America: Encounter the Pope

Photo Credit: Paul Resh

The Pope is coming to America. I’ll be with the crowds in D.C. and New York this week, live-blogging my experience of the pope’s visit, and the experiences of the pilgrims and bystanders around me.

Secular media coverage has positioned America front-and-center of the trip. I’d like to do the reverse. In my mind, the pope isn’t just coming to America; this is a chance for Americans to come to Benedict XVI-to engage him, encounter his message, listen, absorb, pray, reflect.

The pope arrives in Washington DC later today and leaves from New York on Sunday April 20th. In between, he’ll meet with President Bush, address the U.S. bishops, speak to Catholic educators, hold an interreligious gathering, visit a synagogue, visit Ground Zero, and say mass at Nationals Park, St. Patrick’s Cathedral and Yankee Stadium. Oh, he’ll also turn 81 and celebrate his third year as Pastor of the Universal Church.

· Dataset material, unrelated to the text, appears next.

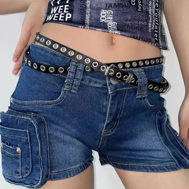 - Design rétro et punk avec double boucle et chaîne de taille pour un style unique

The media speak of the ‘enigma’ of Benedict XVI. Certain qualities are remarked upon: his quiet demeanor, subtle wit, razor-sharp intelligence; his love of cats and the music of Mozart. These characteristics comprise only a sketch, not a full portrait of the man. Who is he? US News reported that “even Benedict’s staunchest supporters admit that American Catholics have, at best, a dim sense of the man.” An Associated Press writer put it more bluntly: “Americans don’t know much about Benedict.”

Temperamental differences between Benedict and his popular predecessor, John Paul II, are cited as reasons for Benedict’s relative obscurity: introvert vs. extrovert, fine-tuner vs. big-thinker, scholar vs. rock star, etc. JPII was effortlessly charismatic, a natural communicator and confident protagonist in the public eye. Benedict XVI is more teacher than actor; more comfortable in a study than on the stage.

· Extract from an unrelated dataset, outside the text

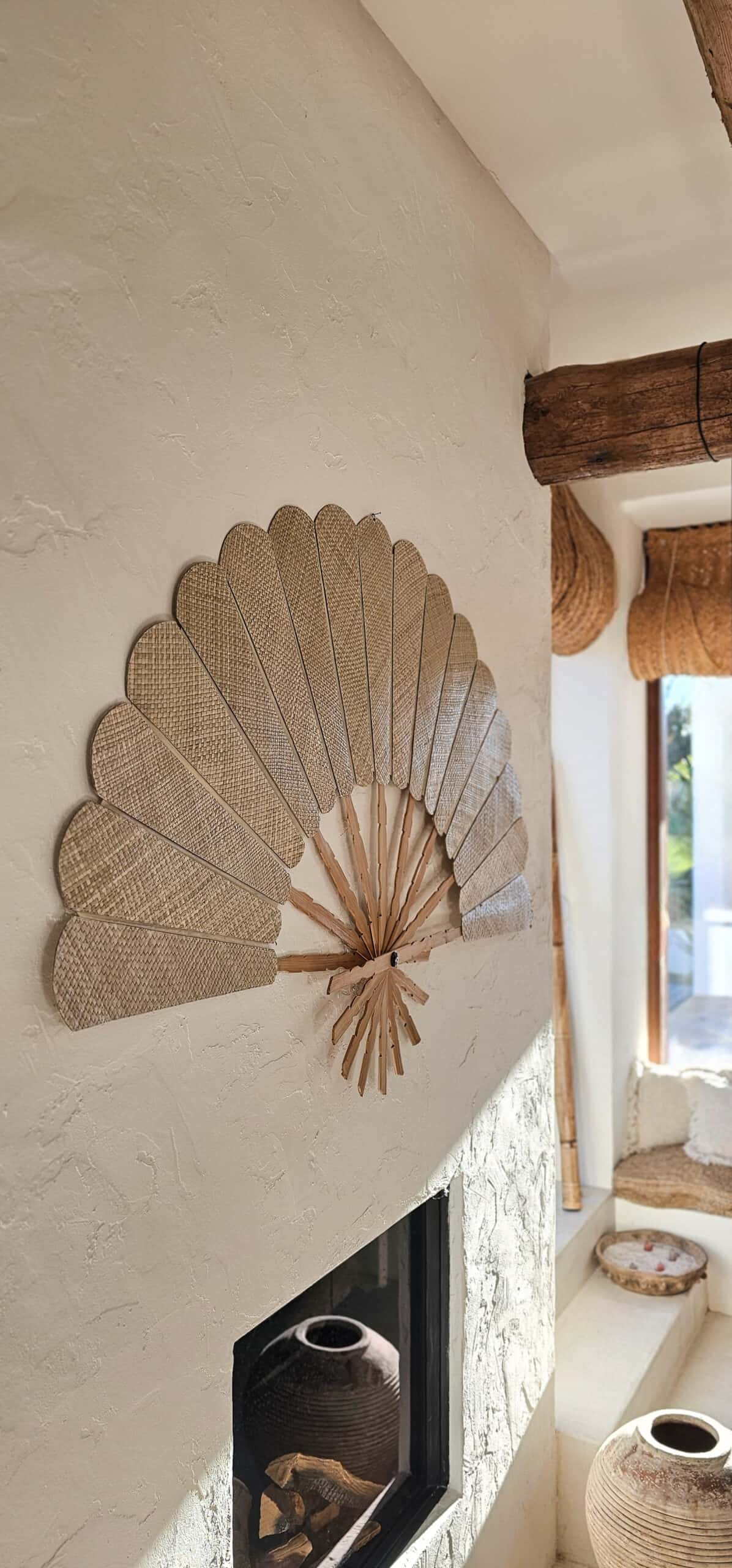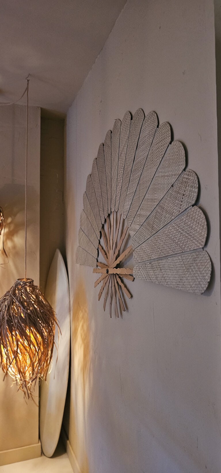 מניפת קיר גדולה עשויה במבוק טבעי בעבודת יד,

Yet I believe it’s only partially the pope’s fault if he seems shadowy or mysterious to the Catholic public. True, it’s the pope’s responsibility to engage the Catholic faithful, but it’s our responsibility to engage the pope. In his writings-whether as Joseph Ratzinger or as Benedict XVI-the pope is absolutely transparent. His prose is lucid, crystalline. The ‘enigma’ of Benedict dissolves when you encounter his written work, especially his two encyclicals: Deus Caritas Est (God is Love) and Spe Salvi (Saved by Hope). Like his beloved Mozart, Ratzinger is able to yield nuance and variation from the simplest yet most beautiful of scriptural themes: God is love, faith is hope, and Christ is the human face of the Father.

Benedict XVI writes with clarity, subtlety and profundity. These are not qualities we are conditioned to expect (or maybe even desire?) from our leaders. Perhaps we would rather the pope behaved like a politician: highly visible, aggressively communicative, and cannily persuasive. But imagine it: the pope catering to the media, delivering tele-prompted speeches written by a crack team of writers, trying to be everything to everyone, speaking in easily-digested sound-bites and endlessly looped slogans (and maybe even switching stances on fundamental issues to kowtow to current trends). The thought makes me shudder. Benedict XVI is not a politician, a diplomat, a symbol, or a merely a public figure: he is the pope.

Pope Benedict XVI may differ from JPII in approach, but not in message. The two were of one mind. The message he brings to America is enduring: Christ Our Hope. Benedict proposes Christianity as a path to walk with Christ in a communion of believers, a personal encounter with God mediated by the Son, whose love for mankind extended to suffering and death on the cross.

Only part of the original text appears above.